:: Provided material

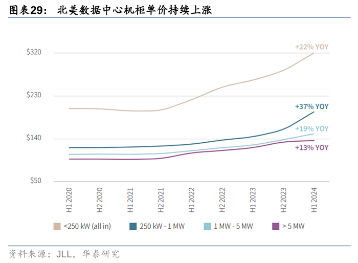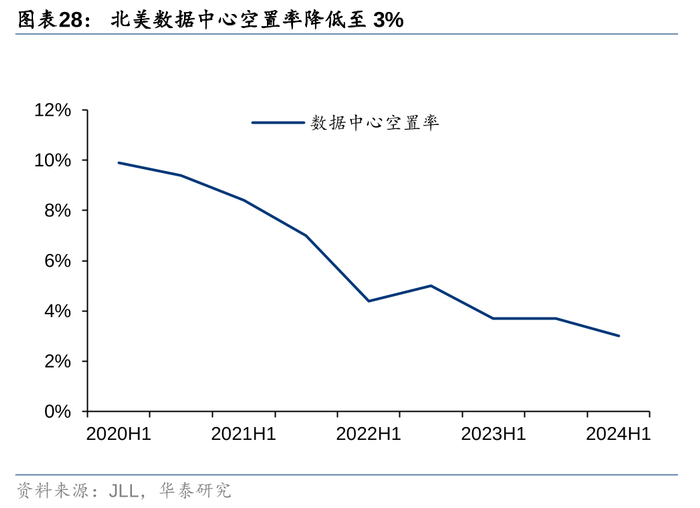 在AI需求高速增长的海外市场,数据中心行业已进入“快速扩张”的高景气周期,单机柜租金及机柜利用率持续上涨。据JLL统计,截止2024H1,美国在运营数据中心总容量为12GW,较2020年在运营容量增长一倍,CAGR达到21%。而与此同时,美国正在建设/计划建设的数据中心容量分别达到5.3GW/22GW,当前的数据中心产能供给无法满足日益增长的AI对基建的需求,在此背景下,截止1H24,美国数据中心的空置率进一步下降至3%,各类机柜的租金均有较为明显的上涨。
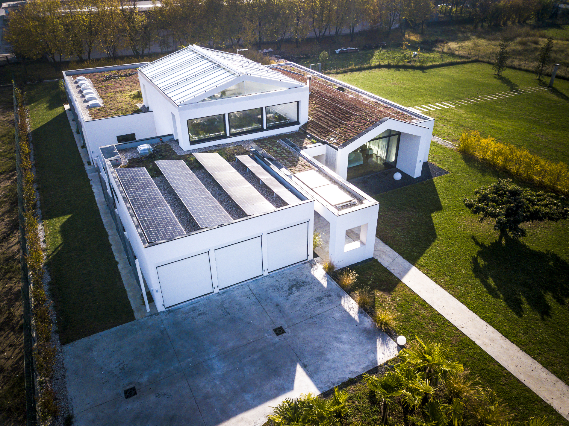 Le strutture edificate sono concentrate nella fascia settentrionale del lotto, prevalentemente occupato dal giardino, con spazi disposti su un unico livello, attorno alla serra a doppia altezza, raggruppati secondo le affinità funzionali. L’accesso si trova lungo il fronte ovest, con il volume del garage posto a protezione del lato nord della pensilina che conduce all’ingresso, attraverso il quale chi entra percepisce subito la rigogliosa presenza della vegetazione.
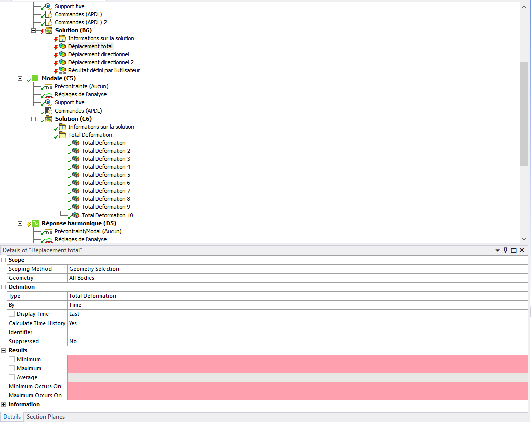 I want to visualise both total and directional deformations as well as the voltage applied on the piezo-eletric ceramic that I am studying. I am unable to solve because I have to input the maximum, minimum and average deformation and when they occur but I am unable to input anything in those specific areas.

::::

Extract, word for word, each line from the one that contains "Le strutture edificate" through the final line of the data above. Leave the pictures out.

* [Solved problem]
 Le strutture edificate sono concentrate nella fascia settentrionale del lotto, prevalentemente occupato dal giardino, con spazi disposti su un unico livello, attorno alla serra a doppia altezza, raggruppati secondo le affinità funzionali. L’accesso si trova lungo il fronte ovest, con il volume del garage posto a protezione del lato nord della pensilina che conduce all’ingresso, attraverso il quale chi entra percepisce subito la rigogliosa presenza della vegetazione.
 I want to visualise both total and directional deformations as well as the voltage applied on the piezo-eletric ceramic that I am studying. I am unable to solve because I have to input the maximum, minimum and average deformation and when they occur but I am unable to input anything in those specific areas.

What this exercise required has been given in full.